== PROBLEM TO SOLVE ==
Repeat the entries below word for word, though any picture in them should be dropped.

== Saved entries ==

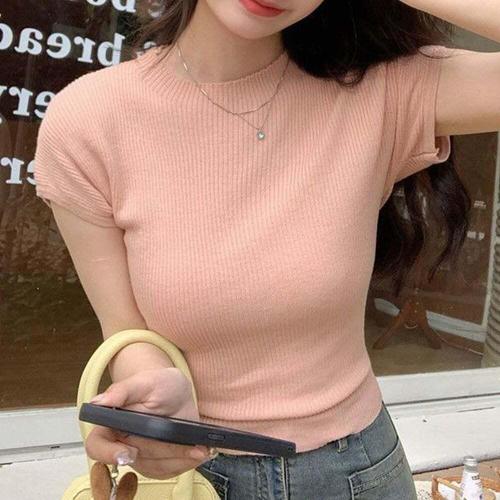 [셀럽하우스]핑크 MIVP2228 베이직 트임 티 셔츠 여름 니트 뒤 반팔
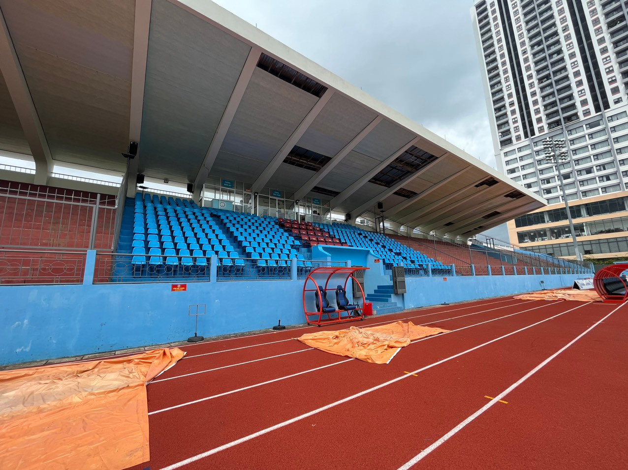 Theo lịch thi đấu V-League 2023, CLB Khánh Hòa sẽ có trận ra quân gặp CLB Thanh Hóa trên sân nhà lúc 17h chiều 3/2. Theo quan sát vào sáng 1/2 của PV, hiện đơn vị quản lý sân đã tổ chức cải tạo, dọn dẹp trong và bên ngoài sân vận động. Những tấm quảng cáo cũ được công nhân thay mới, dàn ghế, tường rào được sơn mới, quét dọn tươm tất. Tuy vậy, khán đài vẫn để lại nỗi lo cho khán giả khi một số tấm gỗ trên trần bị bong tróc, lộ ra những mảng nham nhở, thiếu mỹ quan và tiềm ẩn nguy hiểm.
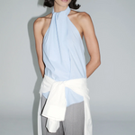 The Oxford Halter Tie Back Top in Ciel Blue St.Agni.
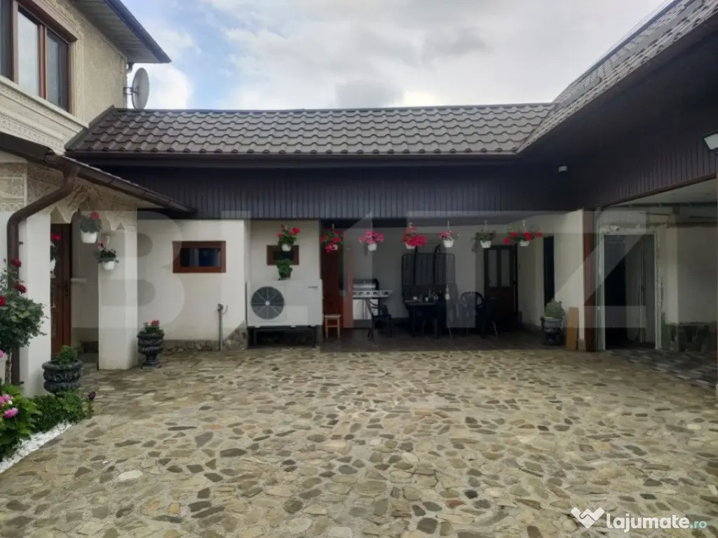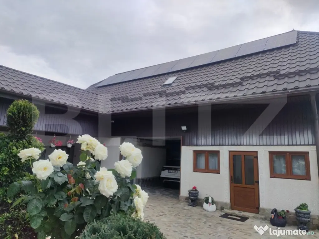 Blitz va ofera spre vânzare o casă exceptională cu o suprafata utila de 400 mp, dotată cu cele mai noi tehnologii și finisaje premium: Panouri fotovoltaice 8,5 kw: Produci propria energie electrică, economisești bani și contribui la un mediu mai curat. Panouri solare pentru apa caldă: Ai apă caldă gratuit de la soare, reducând semnificativ costurile de energie. Fosă septică și fântână: Independență totală de la rețelele publice de apă și canalizare. Centrala electrică aer-apă Hyundai: Încălzire și răcire eficiente, adaptate nevoilor tale. Centrala pe lemne: O alternativă suplimentară de încălzire, perfectă pentru zilele friguroase. Generator: Niciodată nu vei rămâne fără curent electric! Garaj cu ușă automată: Parchezi mașina în siguranță și confortabil. Porți la intrare automate: Acces facil pe proprietate. Proprietate supravegheată video: Securitate 24/7 pentru tine și familia ta. Curtea cu piatră de râu: Un spațiu exterior elegant și relaxant. Casa este compartimentată astfel: Parter cu incălzire în pardoseală: Hol Debara Camera centralei Bucătărie spațioasă și modernă Living generos Baie 1 dormitor Etaj 1: Hol Baie Living 2 dormitoare Balcon Mansardă: 1 dormitor mare Casa a fost construită cu materiale de cea mai bună calitate și este complet mobilată și utilată. Lângă casă se mai află: O bucătărie de vară O baie de serviciu O magazie mare Nu ratați această ocazie unică de a achiziționa o casă excepțională! Contactați-ne pentru a programa o vizionare! Cod ofertă / ID BLITZ: P127740 Id intern: P127740 Număr niveluri imobil: 2 Număr Băi: 2 Nr. locuri parcare: 1 Curent Climă
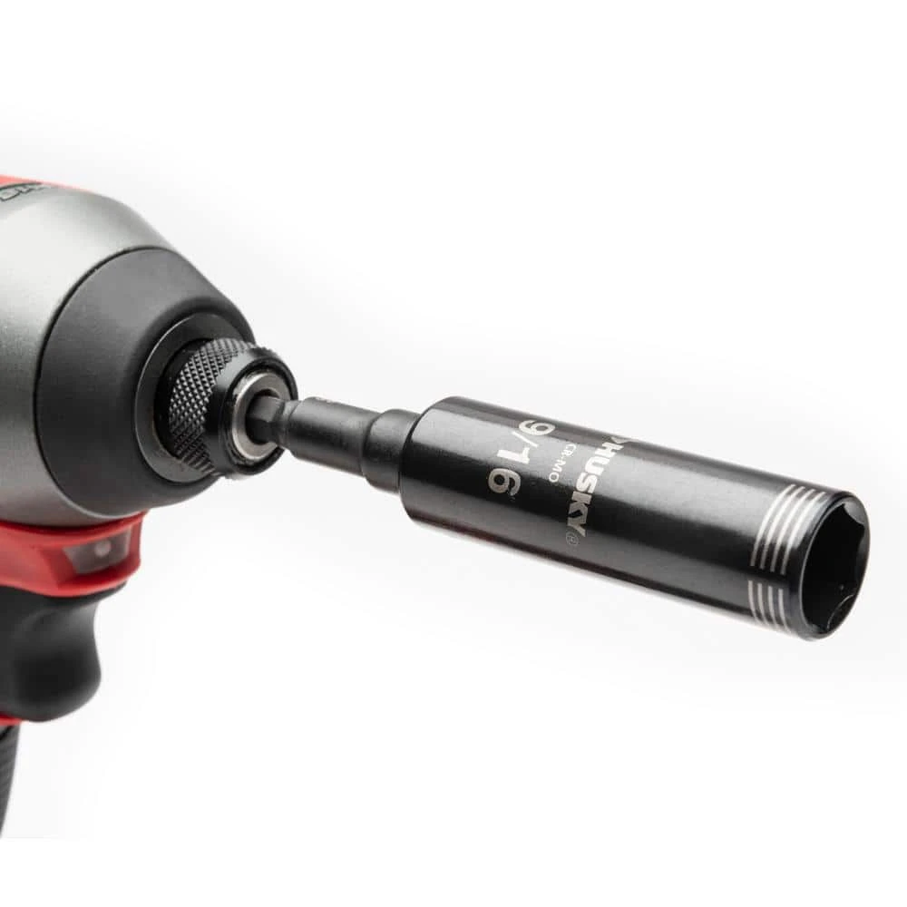 The Husky 3/8 in. drive Thin Wall Impact socket set features a 6-point design. These sockets are up to 2-times stronger than standard chrome sockets and 20% slimmer than impact sockets. This socket set can be used with a standard ratchet or with your cordless impact tools, removing the need for 2 sets of sockets.
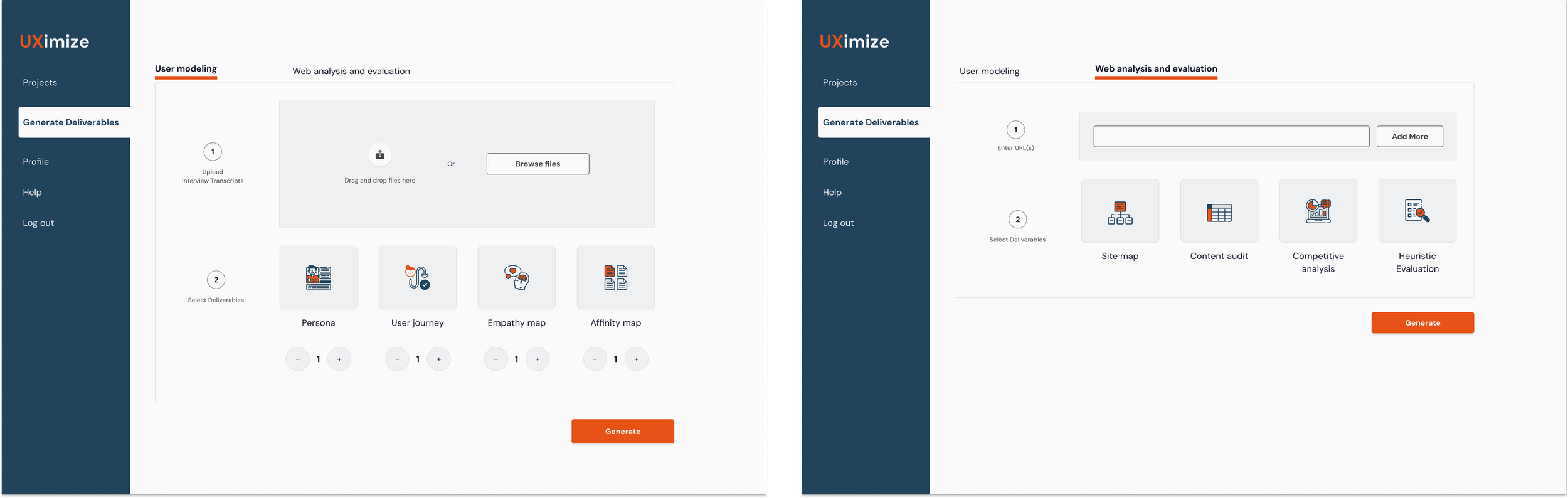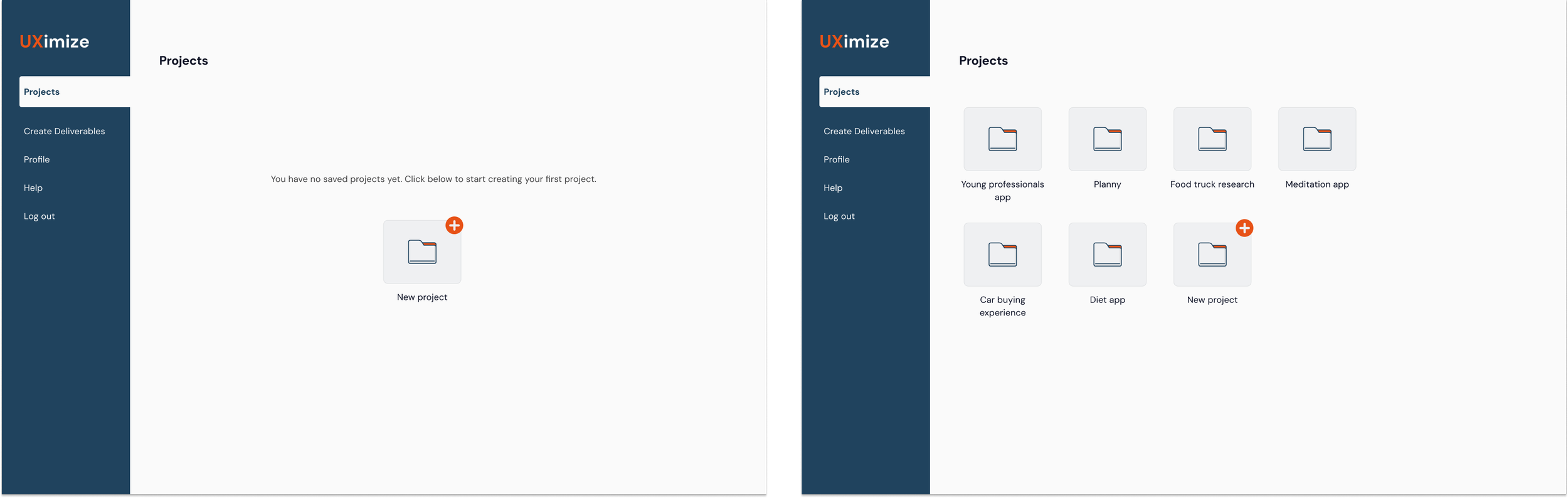 Additionally, I offered existing users the opportunity to start by generating deliverables and then saving them as a new project or adding them to an existing one.
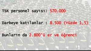 - “Darbe” ye 570.000 askerin sadece 8.500’ü (yüzde 1.5) katıldı, onların da önemli kısmı er ve öğrenciydi.
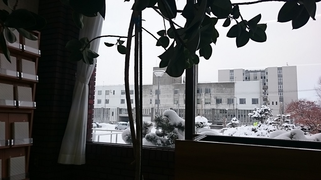 公民館側から見たら、ずいぶん窮屈ですネー。この窓から見える風景もすぐそばに市役所新庁舎となる訳です。
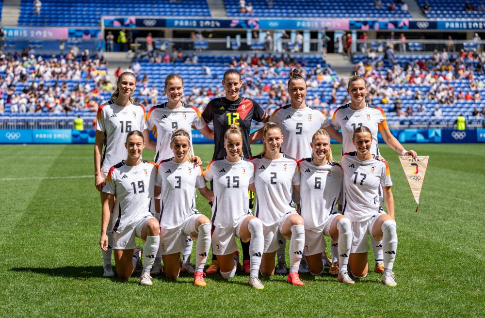 2024年8月9日,在法國里昂進行的巴黎奧運會女子足球銅牌賽中,德國隊1比0戰勝西班牙隊,獲得銅牌。新華社記者 孫非 攝
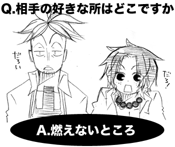 拍手で「炎系同士最強カプですよね」というコメントから。
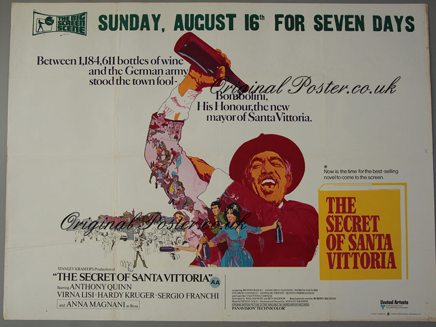 A wine lover's poster this one as the villagers hide their special wine from the Nazi's headed by Hardy Kruger. Based on a true story! Highly detailed full colour film poster with village style boozy artwork and German World War II officers, tanks and lorries painted by Bob Peak whose printed signature appears on the film poster.
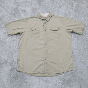 Wrangler Mens Casual Button Up Shirt Short Sleeve 100% Cotton Clay Gray Size L
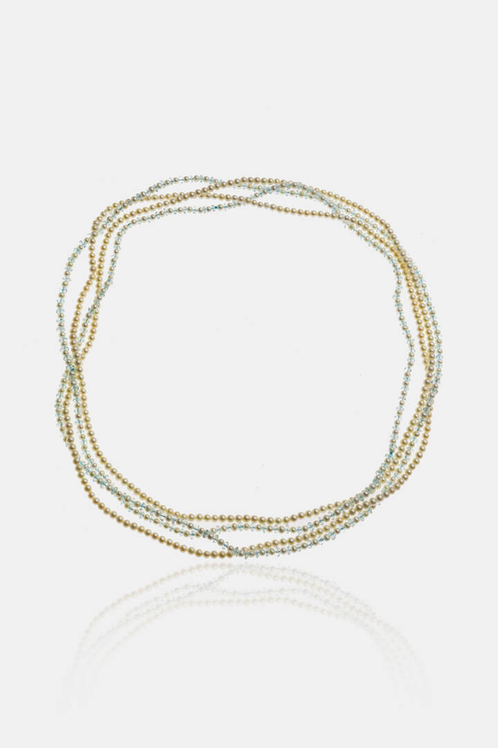-un filo di perle giapponesi da 3 mm alternate a dischi di acquamarina
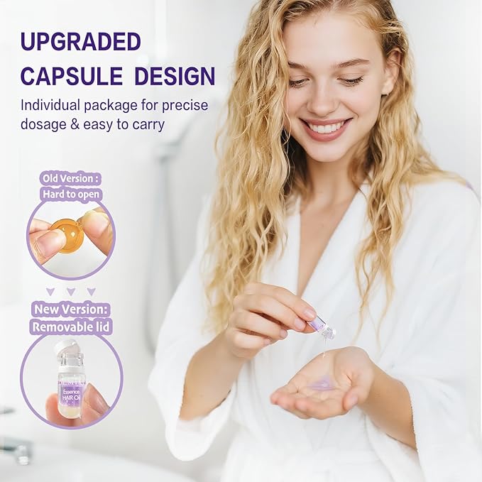 - 【Portable Capsule Convenience, Travel Size Hair Oil】Single-use capsules ensure fresh hair perfume oil for women on-the-go. Perfect for travel/gym, they prevent oxidation and provide precise dosing for all hair products - no mess, no waste, mini capsule hair care for women. Beach vacation essentials.
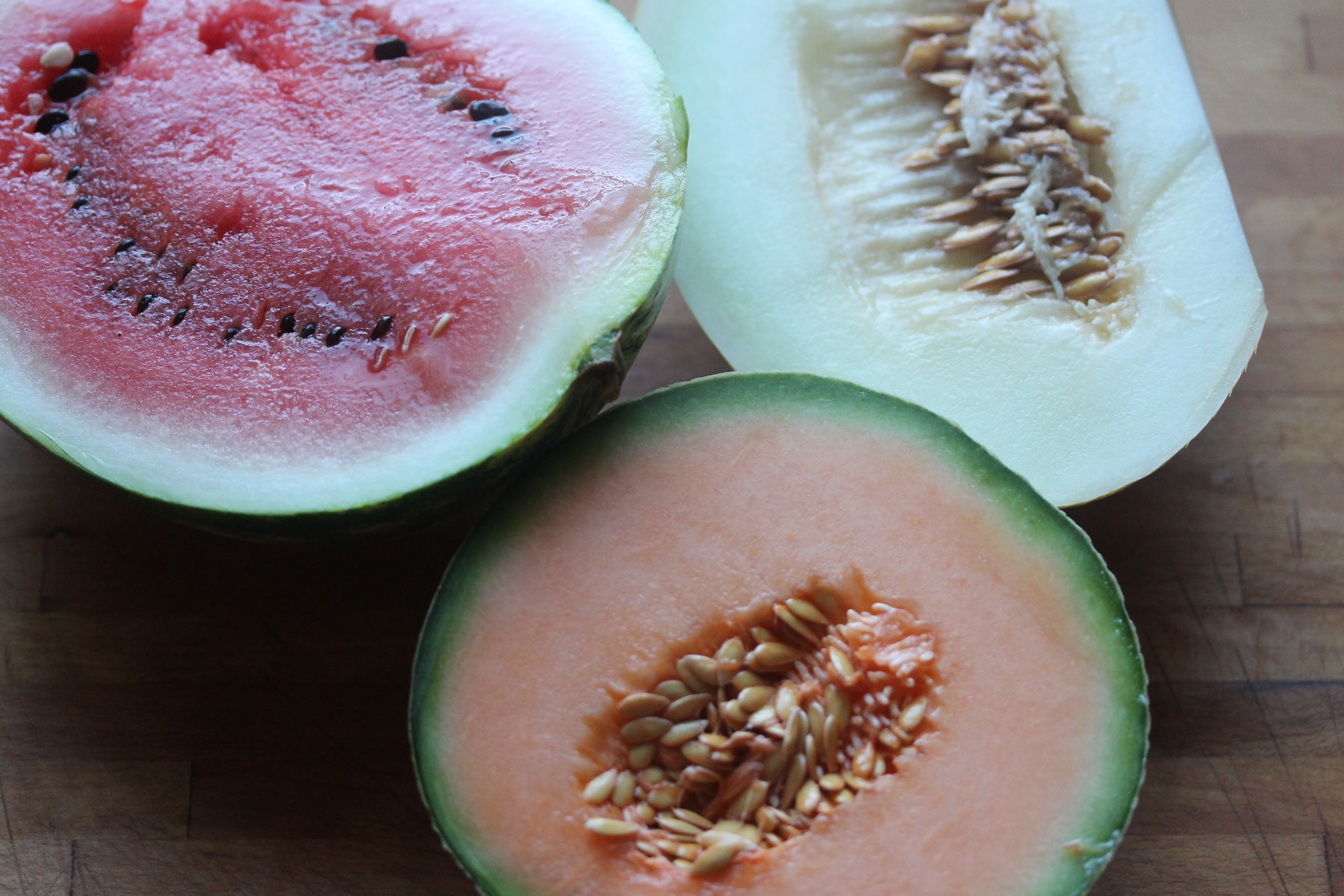 Það má líka nota bara eina eða tvær melónutegundir en mér finnst flottast að hafa nokkrar mismunandi litar. Þetta var semsagt hálf lítil vatnsmelóna, hálf hunangsmelóna og hálf gul melóna – sú síðasttalda var aðeins farin að skemmast í kantinn öðrum megin svo ég skar bara af henni. Svo skóf ég fræin úr henni og hunangsmelónunni með matskeið en lét vatnsmelónuna eiga sig, það er meira vesen að plokka fræin úr henni. Maður reynir þá frekar að tína fræin úr jafnóðum.

== RESPONSE ==
 [셀럽하우스]핑크 MIVP2228 베이직 트임 티 셔츠 여름 니트 뒤 반팔
 Theo lịch thi đấu V-League 2023, CLB Khánh Hòa sẽ có trận ra quân gặp CLB Thanh Hóa trên sân nhà lúc 17h chiều 3/2. Theo quan sát vào sáng 1/2 của PV, hiện đơn vị quản lý sân đã tổ chức cải tạo, dọn dẹp trong và bên ngoài sân vận động. Những tấm quảng cáo cũ được công nhân thay mới, dàn ghế, tường rào được sơn mới, quét dọn tươm tất. Tuy vậy, khán đài vẫn để lại nỗi lo cho khán giả khi một số tấm gỗ trên trần bị bong tróc, lộ ra những mảng nham nhở, thiếu mỹ quan và tiềm ẩn nguy hiểm.
 The Oxford Halter Tie Back Top in Ciel Blue St.Agni.
 Blitz va ofera spre vânzare o casă exceptională cu o suprafata utila de 400 mp, dotată cu cele mai noi tehnologii și finisaje premium: Panouri fotovoltaice 8,5 kw: Produci propria energie electrică, economisești bani și contribui la un mediu mai curat. Panouri solare pentru apa caldă: Ai apă caldă gratuit de la soare, reducând semnificativ costurile de energie. Fosă septică și fântână: Independență totală de la rețelele publice de apă și canalizare. Centrala electrică aer-apă Hyundai: Încălzire și răcire eficiente, adaptate nevoilor tale. Centrala pe lemne: O alternativă suplimentară de încălzire, perfectă pentru zilele friguroase. Generator: Niciodată nu vei rămâne fără curent electric! Garaj cu ușă automată: Parchezi mașina în siguranță și confortabil. Porți la intrare automate: Acces facil pe proprietate. Proprietate supravegheată video: Securitate 24/7 pentru tine și familia ta. Curtea cu piatră de râu: Un spațiu exterior elegant și relaxant. Casa este compartimentată astfel: Parter cu incălzire în pardoseală: Hol Debara Camera centralei Bucătărie spațioasă și modernă Living generos Baie 1 dormitor Etaj 1: Hol Baie Living 2 dormitoare Balcon Mansardă: 1 dormitor mare Casa a fost construită cu materiale de cea mai bună calitate și este complet mobilată și utilată. Lângă casă se mai află: O bucătărie de vară O baie de serviciu O magazie mare Nu ratați această ocazie unică de a achiziționa o casă excepțională! Contactați-ne pentru a programa o vizionare! Cod ofertă / ID BLITZ: P127740 Id intern: P127740 Număr niveluri imobil: 2 Număr Băi: 2 Nr. locuri parcare: 1 Curent Climă
 The Husky 3/8 in. drive Thin Wall Impact socket set features a 6-point design. These sockets are up to 2-times stronger than standard chrome sockets and 20% slimmer than impact sockets. This socket set can be used with a standard ratchet or with your cordless impact tools, removing the need for 2 sets of sockets.
 Additionally, I offered existing users the opportunity to start by generating deliverables and then saving them as a new project or adding them to an existing one.
 - “Darbe” ye 570.000 askerin sadece 8.500’ü (yüzde 1.5) katıldı, onların da önemli kısmı er ve öğrenciydi.
 公民館側から見たら、ずいぶん窮屈ですネー。この窓から見える風景もすぐそばに市役所新庁舎となる訳です。
 2024年8月9日,在法國里昂進行的巴黎奧運會女子足球銅牌賽中,德國隊1比0戰勝西班牙隊,獲得銅牌。新華社記者 孫非 攝
 拍手で「炎系同士最強カプですよね」というコメントから。
 A wine lover's poster this one as the villagers hide their special wine from the Nazi's headed by Hardy Kruger. Based on a true story! Highly detailed full colour film poster with village style boozy artwork and German World War II officers, tanks and lorries painted by Bob Peak whose printed signature appears on the film poster.
 Wrangler Mens Casual Button Up Shirt Short Sleeve 100% Cotton Clay Gray Size L
-un filo di perle giapponesi da 3 mm alternate a dischi di acquamarina
 - 【Portable Capsule Convenience, Travel Size Hair Oil】Single-use capsules ensure fresh hair perfume oil for women on-the-go. Perfect for travel/gym, they prevent oxidation and provide precise dosing for all hair products - no mess, no waste, mini capsule hair care for women. Beach vacation essentials.
 Það má líka nota bara eina eða tvær melónutegundir en mér finnst flottast að hafa nokkrar mismunandi litar. Þetta var semsagt hálf lítil vatnsmelóna, hálf hunangsmelóna og hálf gul melóna – sú síðasttalda var aðeins farin að skemmast í kantinn öðrum megin svo ég skar bara af henni. Svo skóf ég fræin úr henni og hunangsmelónunni með matskeið en lét vatnsmelónuna eiga sig, það er meira vesen að plokka fræin úr henni. Maður reynir þá frekar að tína fræin úr jafnóðum.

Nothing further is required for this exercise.